2. The method of claim 1, wherein, The neural network is a multilayer perceptron neural network net θ .
3. The method of claim 2, wherein, The neural network is a continuously differentiable function πθ(a|s).
4. The method according to claim 1 or 2 or 3, characterized in that, Update the parameters θ using gradient ascent to improve the objective function. Maximum; where, objective function τ is the trajectory, p θ Let (τ) be the probability of generating trajectory τ, and G(τ) be the reward for trajectory τ. t+1 Let s be the state at time t. t Transition to state s at time t+1 t+1 The resulting reward, where T is the trajectory termination time.
5. The method according to claim 1 or 2 or 3, characterized in that, The expected return is Where τ is the trajectory, p θ Let G(τ) be the probability of generating trajectory τ, and let G(τ) be the reward for trajectory τ. For the action at time t of the nth trajectory, Let this be the state of the nth trajectory at time t.
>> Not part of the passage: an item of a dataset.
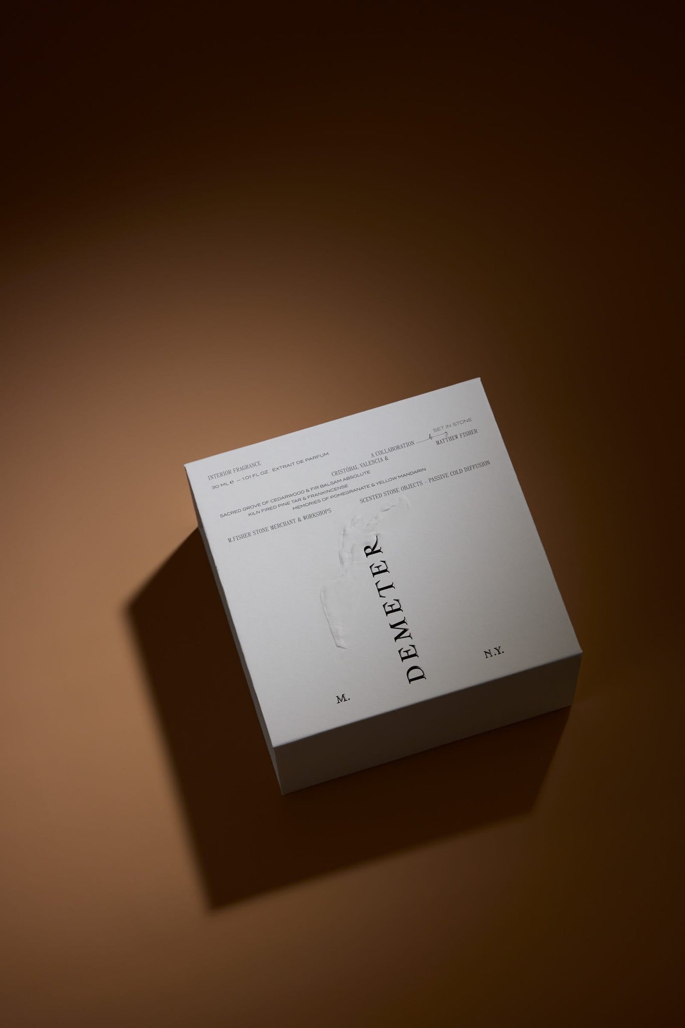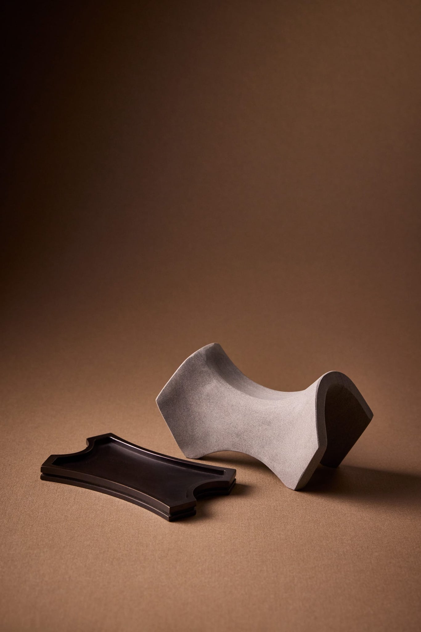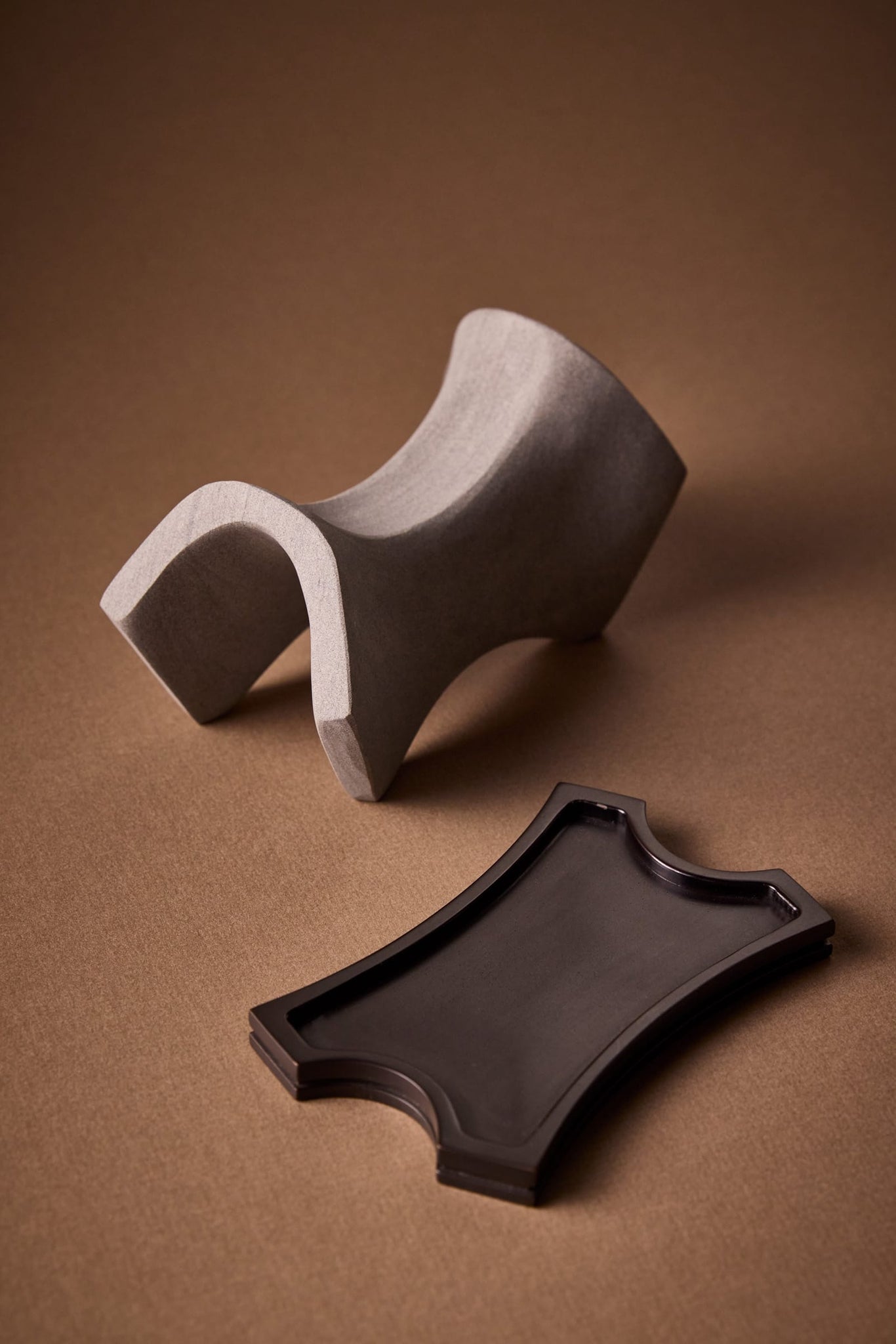 Each Presentation Set includes a hand-carved silver sandstone diffuser sculpture, a cast bronze plate, and a 30ml Extrait de Parfum, presented in a branded box. The oil is drawn across the carved stone arc of the sculpture, igniting the air and transforming the ordinary into ceremony. From a limited first production run of 107 pieces.

Let this be the state of the nth trajectory at time t. This represents a portion of the trajectory of the nth trajectory from time t to time T. The total reward generated for the portion of the trajectory from time t to time T of the nth trajectory is given, where T is the trajectory termination time.
6. A server, characterized by It includes a memory and a processor, the memory storing a computer program configured to be executed by the processor, the computer program including instructions for performing each step of the method of any one of claims 1 to 5.
7. A computer-readable storage medium having a computer program stored thereon, characterized in that, When the computer program is executed by a processor, it implements the steps of the method according to any one of claims 1 to 5.